Custom Dynamic HTML

I keep running into the same error as other users with custom html questions; such that, " Oops, something went wrong :(You might have come across a bug in Prodigy's web app – sorry about that. We'd love to fix this, so feel free to open an issue on the Prodigy Support Forum and include the steps that led to this message." In the most simple case I am trying to use the Mustache template within the config aspect of the return as the following:

return {
        'dataset': dataset,                  # save annotations to this set
        'stream': stream,                           # load the stream of examples
        'view_id': 'html',                          # use the HTML interface
        'config': {
            "html_template": "<strong>{{text}}</strong>"

I simply have the news_headlines.jsonl streaming in and want to see each row of text bolded. In the most complex case, I am using your tool for a tabular comparison task and would like a user to input the fields they want to see in the annotation task. I need the html table to be dynamic in the rows it shows based on user input. I have tried to achieve this several ways all ending in the same error. I am able to get the html view to be correct if setting it in the prodigy.json file, but that does not allow for it to be dynamic.

Hi!
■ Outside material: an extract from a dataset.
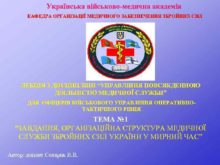Українська військово-медична академія КАФЕДРА ОРГАНІЗАЦІЇ МЕДИЧНОГО ЗАБЕЗПЕЧЕННЯ ЗБРОЙНИХ

I use the inline html_template with variables a lot and I've never come across this issue. So that's definitely interesting. Are you using any custom JavaScript or other settings in your prodigy.json?
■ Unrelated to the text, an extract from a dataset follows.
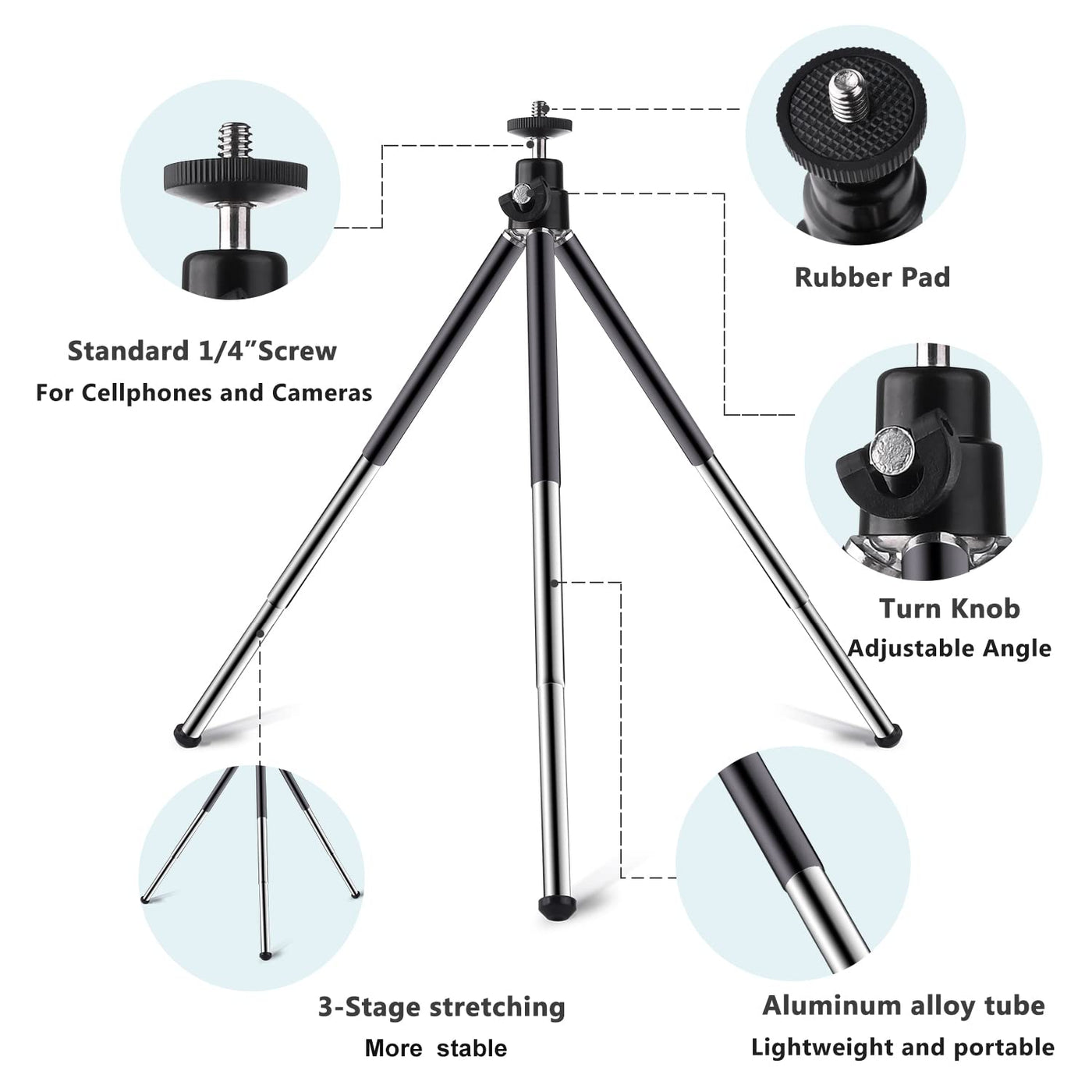 High Quality Tripod The Small Tripod Made Of High Quality Aluminum Alloy Not Plastic.Lightweight And Sturdy. Rotatable Ball Head Mini Ball Head For 360-Degree Rotation And 90-Degree Tilt . Get Just The Right Angle In One Smooth Move,Simply Turn And Tighten.

That error message is essentially the web app's way of failing gracefully when a problem occurs in the annotation card – so you could also check out the developer tools console and the error message shown there. It's probably cryptic because it's minified, but it can help with debugging.

I'm not sure what you've already tried, but I would probably solve this by having an input element (select, radio buttons, etc.), adding custom JavaScript, listening for the change and then toggling visibility of the rows that are all rendered by default, depending on the input (e.g. if the user selects A, all rows without the class or data attribute A are hidden).

One thing to keep in mind is that when you let the annotator manipulate what they see and work on, you are kinda breaking the "annotation task is always what the annotator saw" philosophy. So if it's important to you to always reconstruct what the annotator saw on the screen, you might want to also log what they selected. For instance, by calling window.prodigy.update and writing to a task property, so you end up with something like "user_actions": ["A", "B", "A"].